Time Complexity Space Complexity
O(n) O(1) extra space (in-place modification)
Two Pointers Solution 
class Solution {
public:
    string makeFancyString(string s) {
        int writer = 0, count = 0;
        for (int reader = 0; reader < s.size(); ++reader) {
            if (reader > 0 && s[reader] == s[reader-1]) {
                count++;
            } else {
                count = 1;
            }
            if (count < 3) {
                s[writer++] = s[reader];
            }
        }
        return s.substr(0, writer);
    }
};
class Solution {
    public String makeFancyString(String s) {
        char[] chars = s.toCharArray();
        int writer = 0, count = 0;
        for (int reader = 0; reader < chars.length; reader++) {
            if (reader > 0 && chars[reader] == chars[reader-1]) {
                count++;
            } else {
                count = 1;
            }
            if (count < 3) {
                chars[writer++] = chars[reader];
            }
        }
        return new String(chars, 0, writer);
    }
}
class Solution:
    def makeFancyString(self, s: str) -> str:
        chars = list(s)
        writer = 0
        count = 0
        for reader in range(len(chars)):
            if reader > 0 and chars[reader] == chars[reader-1]:
                count += 1
            else:
                count = 1
            if count < 3:
                chars[writer] = chars[reader]
                writer += 1
        return ''.join(chars[:writer])
Implementation Note: This approach modifies the string in-place, reducing space complexity to O(1) extra space (excluding input storage).

Edge Cases and Testing

1. Short Strings (Length < 3)

Input: "a" → Output: "a"
Input: "aa" → Output: "aa"

2. No Consecutive Triplets

Input: "abc" → Output: "abc"

3. Multiple Consecutive Groups

Input: "aaaabbbcccddd" → Output: "aabbccdd"

4. All Identical Characters

Input: "aaaaa" → Output: "aa"

5. Mixed Characters

Input: "aabbccddeee" → Output: "aabbccddee"
Warning: Always test with maximum length input (105 characters) to ensure O(n) performance.

Frequently Asked Questions

1. Why is the result guaranteed to be unique?

Because we always keep the first two characters in any consecutive sequence and remove subsequent duplicates, maintaining the original order.

2. Can this be solved with regular expressions?

Yes, but regex would be inefficient for large inputs: re.sub(r'(.)\1{2,}', r'\1\1', s).

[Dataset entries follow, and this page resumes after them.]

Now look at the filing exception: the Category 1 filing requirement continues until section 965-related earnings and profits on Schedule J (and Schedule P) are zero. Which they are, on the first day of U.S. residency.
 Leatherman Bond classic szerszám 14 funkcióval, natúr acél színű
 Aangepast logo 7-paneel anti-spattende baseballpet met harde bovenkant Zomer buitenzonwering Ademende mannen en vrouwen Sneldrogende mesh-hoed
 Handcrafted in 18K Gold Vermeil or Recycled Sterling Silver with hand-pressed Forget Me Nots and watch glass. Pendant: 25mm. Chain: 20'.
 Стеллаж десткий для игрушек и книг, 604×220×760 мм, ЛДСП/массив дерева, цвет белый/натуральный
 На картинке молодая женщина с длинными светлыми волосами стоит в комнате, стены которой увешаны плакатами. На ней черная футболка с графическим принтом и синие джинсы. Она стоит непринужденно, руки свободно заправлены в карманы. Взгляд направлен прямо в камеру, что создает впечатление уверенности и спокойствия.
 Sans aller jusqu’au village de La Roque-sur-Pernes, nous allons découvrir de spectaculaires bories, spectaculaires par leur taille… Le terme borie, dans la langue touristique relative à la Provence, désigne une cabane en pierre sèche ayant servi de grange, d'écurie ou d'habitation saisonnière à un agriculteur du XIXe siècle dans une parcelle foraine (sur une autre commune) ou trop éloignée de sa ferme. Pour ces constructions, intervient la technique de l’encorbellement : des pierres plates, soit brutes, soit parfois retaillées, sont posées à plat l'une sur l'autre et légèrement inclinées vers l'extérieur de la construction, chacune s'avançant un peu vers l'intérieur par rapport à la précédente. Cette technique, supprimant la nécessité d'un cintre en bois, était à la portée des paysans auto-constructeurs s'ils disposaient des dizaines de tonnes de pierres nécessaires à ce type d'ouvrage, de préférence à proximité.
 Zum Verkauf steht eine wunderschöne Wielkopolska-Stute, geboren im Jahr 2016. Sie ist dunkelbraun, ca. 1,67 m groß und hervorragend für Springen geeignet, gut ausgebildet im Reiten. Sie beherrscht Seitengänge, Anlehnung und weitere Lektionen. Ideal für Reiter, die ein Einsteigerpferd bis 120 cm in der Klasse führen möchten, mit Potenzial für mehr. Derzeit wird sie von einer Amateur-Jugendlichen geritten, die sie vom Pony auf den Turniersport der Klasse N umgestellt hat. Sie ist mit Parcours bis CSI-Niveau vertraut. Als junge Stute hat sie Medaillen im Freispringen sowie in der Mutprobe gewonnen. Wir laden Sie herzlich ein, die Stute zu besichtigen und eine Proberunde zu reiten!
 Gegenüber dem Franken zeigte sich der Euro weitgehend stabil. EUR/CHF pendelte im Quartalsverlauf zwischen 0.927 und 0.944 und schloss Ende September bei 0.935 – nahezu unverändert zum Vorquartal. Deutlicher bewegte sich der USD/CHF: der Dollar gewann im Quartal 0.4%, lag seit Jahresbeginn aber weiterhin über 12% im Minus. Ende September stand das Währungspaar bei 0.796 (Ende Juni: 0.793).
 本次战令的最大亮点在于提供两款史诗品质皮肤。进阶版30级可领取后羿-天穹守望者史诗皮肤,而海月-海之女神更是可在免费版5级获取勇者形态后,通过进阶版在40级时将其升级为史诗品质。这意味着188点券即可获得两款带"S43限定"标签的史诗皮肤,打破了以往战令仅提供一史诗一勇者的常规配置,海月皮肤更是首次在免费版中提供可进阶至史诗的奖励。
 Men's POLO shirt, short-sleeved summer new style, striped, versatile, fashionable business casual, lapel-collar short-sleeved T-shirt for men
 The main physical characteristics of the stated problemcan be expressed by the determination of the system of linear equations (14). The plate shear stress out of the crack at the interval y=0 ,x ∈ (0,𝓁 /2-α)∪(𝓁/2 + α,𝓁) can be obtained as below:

Not suitable for n=105.

3. How does the two-pointer method save space?

It modifies the input character array in-place, using only O(1) extra space for pointers and counters.

4. What if the string has Unicode characters?

The algorithm works the same since it compares characters directly. Only storage would be affected.

5. Why not use a stack?

A stack would work but would use O(n) space without advantages over the simpler iterative approaches.

6. Can we achieve O(1) space without modifying input?

No, since strings are immutable in some languages. The two-pointer approach requires character array conversion.

7. How to handle empty strings?

The constraint ensures n ≥ 1, so no special handling is needed.

8. Is there a recursive solution?

Possible but impractical for large n due to stack overflow and O(n) space complexity.

9. How to extend this to k consecutive characters?

Change the constant 3 to k and adjust conditionals accordingly.

10. Why is this problem categorized as easy?

Because the optimal solution requires only a single pass with simple condition checks.

Final Insight: This problem demonstrates how careful iteration with state tracking can efficiently solve string modification tasks. The two-pointer approach optimizes space while maintaining clarity.